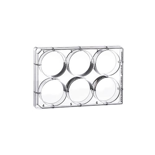 MULTIWELL PLATE FOR SUSPENSION CULTURE, 6 WELL, PS, CLEAR, LID WITH CONDENSATION RINGS, STERILE, SINGLE PACKED CELLSTAR® 6 Well Cell Culture Multiwell Plates. With hydrophobic surface for suspension culture cells and hybridoma cells Free of detectable DNase, RNase, human DNA, Non-pyrogenic Non-Cytotoxic High clarity and low autofluorescence Lid enables gas exchange with the lowest possible evaporation Single position lids to prevent cross-contamination Alphanumeric well coding Compatible with automated systems Easy-to-open packaging Suitable for all common instruments and for automation Max. volume per well: 16 ml working volume: 2 – 5 ml growth area / well: 9.6 cm2 Sterile
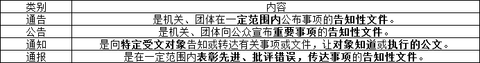 本题考查公告、通告、通知、通报的共同点,根据概念中的关键词可知:
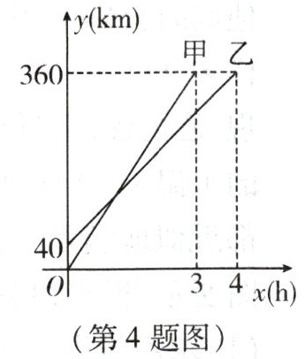 4. 甲、乙两车分别从$A,B两地去同一城市C$,他们离$A地的路程y$(单位:km)随时间$x$(单位:h)变化的图象如图所示,根据图象解答下列问题:
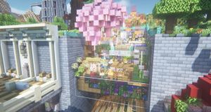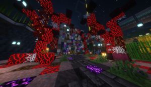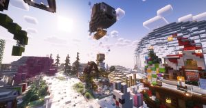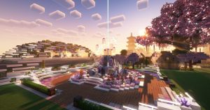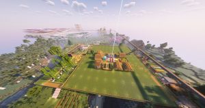 在鸟居门的位置可以看见莱茵的海滨高楼,灯塔及铃兰雕像(由于服务器视距限制,可能看不到,推荐安装bobby模组增加客户端视距)
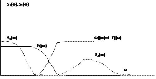 Какой же должна быть амплитудно-частотная характеристика оптимального линейного фильтра, чтобы дисперсия суммарной ошибки в результате комплексной обработки информации была существенно меньше, чем ошибки отдельных измерителей. Чтобы ответить на этот вопрос рассмотрим идеальный случай, когда спектральные плотности не пересекаются S1(w), S2(w). Тогда, поскольку дисперсия ошибки N1(t) сосредоточена в области нижних частот, а дисперсия ошибки N2(t) сосредоточена в области высоких частот, следовательно, логично в качестве оптимального фильтра F рассматривать - некоторый фильтр нижних частот, амплитудно-частотная характеристика F(jw) которого имеет вид, изображенный на рисунке. Тогда фильтр Ф, амплитудно частотная характеристика которого Ф(jw)= 1-F(jw) будет фильтром верхних частот.
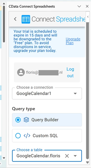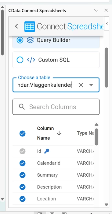 But when I select my primary calendar [removed by moderator] , none of that happens. The CData Connect Spreadsheets panel still ends at the Table dropdown, and there is no way to proceed with data import (see 1st screenshot). Which means that I cannot import data from my primary calendar into Excel. Which is my main use case for the software.
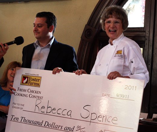 And the grand prize? That went to Spence of Vancouver, WA for her crispy chicken with oranges and avocado — a vibrant salad that had a wonderful fresh verve to it. Spence, who said she was speechless, was presented with a check for $10,000 plus a year’s supply of Foster Farm’s chicken.
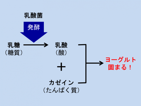 ヨーグルトの基本原料は、「牛乳」と「乳酸菌」。乳酸菌は、牛乳の中に含まれる「乳糖」という糖分を分解して「乳酸」という酸を作り出します。この酸が、これまた牛乳の「カゼイン」というたんぱく質を固めること(=凝固)でヨーグルトが出来上がるという原理。
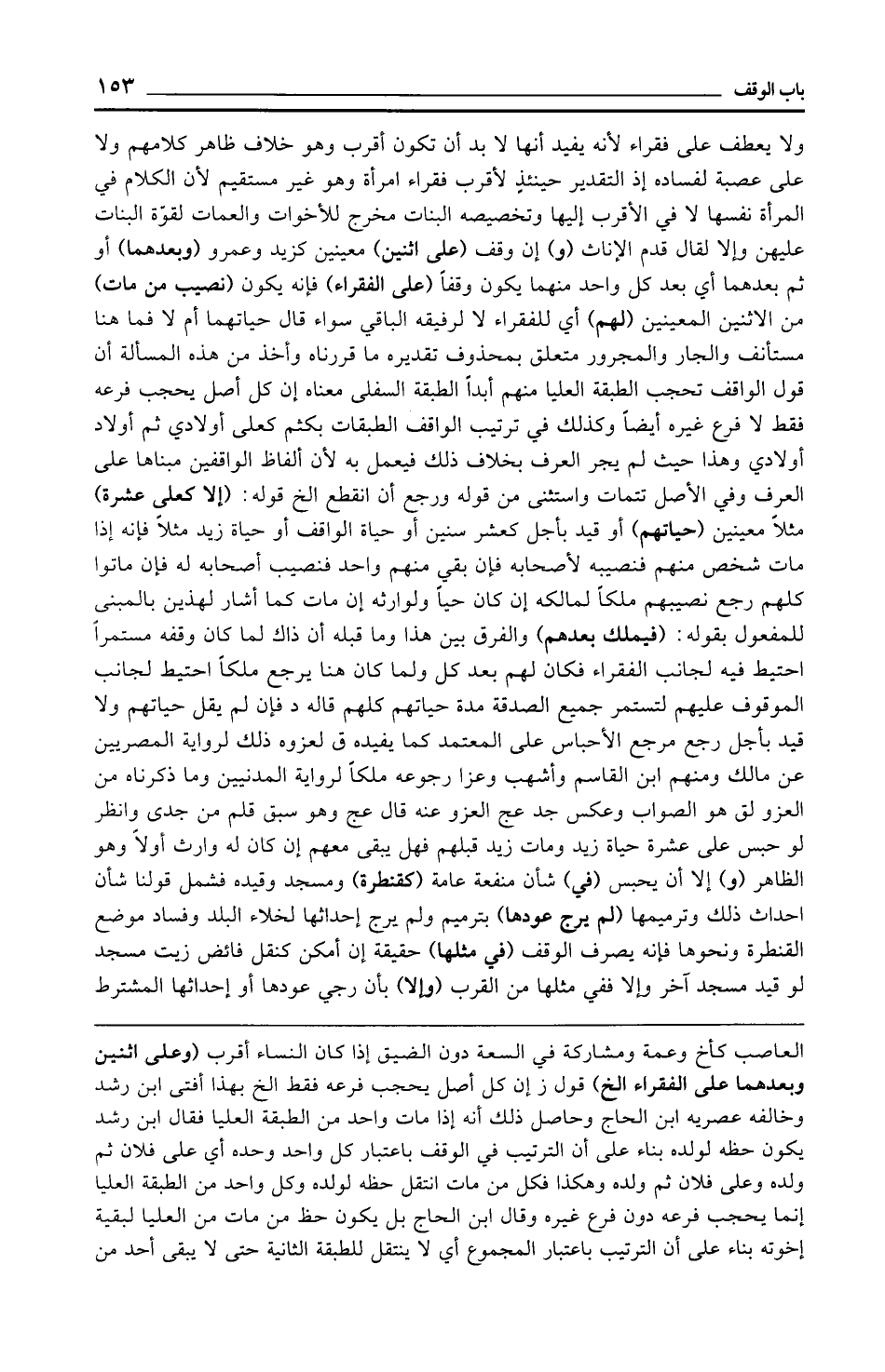 العاصب كأخ وعمة ومشاركة في السعة دون الضيق إذا كان النساء أقرب (وعلى اثنين وبعدهما على الفقراء الخ) قول ز إن كل أصل يحجب فرعه فقط الخ بهذا أفتى ابن رشد وخالفه عصريه ابن الحاج وحاصل ذلك أنه إذا مات واحد من الطبقة العليا فقال ابن رشد يكون حظه لولده بناء على أن الترتيب في الوقف باعتبار كل واحد وحده أي على فلان ثم ولده وعلى فلان ثم ولده وهكذا فكل من مات انتقل حظه لولده وكل واحد من الطبقة العليا إنما يحجب فرعه دون فرع غيره وقال ابن الحاج بل يكون حظ من مات من العليا لبقية إخوته بناء على أن الترتيب باعتبار المجموع أي لا ينتقل للطبقة الثانية حتى لا يبقى أحد من
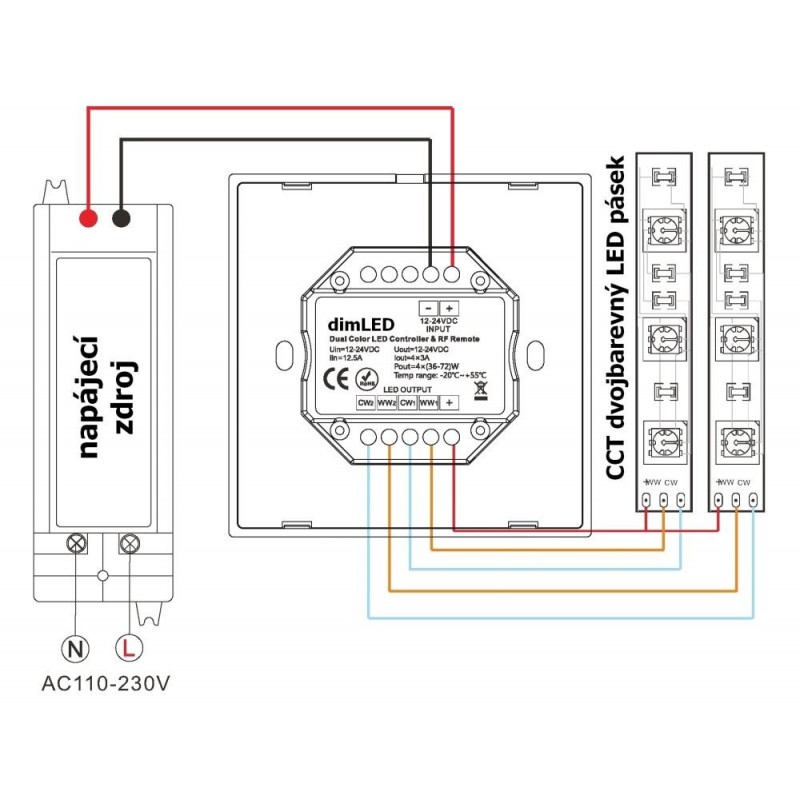 Nástěnný LED stmívač OV DUPLEX CCT 2K, dálkové RF (radiofrekvenční) ovládání

########################################

### Directions for this task
Once the line with "Какой же должна" is found in the data above, reproduce it and each line after it exactly, through the line with "But when I select". Omit the pictures.

### Answer section
 Какой же должна быть амплитудно-частотная характеристика оптимального линейного фильтра, чтобы дисперсия суммарной ошибки в результате комплексной обработки информации была существенно меньше, чем ошибки отдельных измерителей. Чтобы ответить на этот вопрос рассмотрим идеальный случай, когда спектральные плотности не пересекаются S1(w), S2(w). Тогда, поскольку дисперсия ошибки N1(t) сосредоточена в области нижних частот, а дисперсия ошибки N2(t) сосредоточена в области высоких частот, следовательно, логично в качестве оптимального фильтра F рассматривать - некоторый фильтр нижних частот, амплитудно-частотная характеристика F(jw) которого имеет вид, изображенный на рисунке. Тогда фильтр Ф, амплитудно частотная характеристика которого Ф(jw)= 1-F(jw) будет фильтром верхних частот.
 But when I select my primary calendar [removed by moderator] , none of that happens. The CData Connect Spreadsheets panel still ends at the Table dropdown, and there is no way to proceed with data import (see 1st screenshot). Which means that I cannot import data from my primary calendar into Excel. Which is my main use case for the software.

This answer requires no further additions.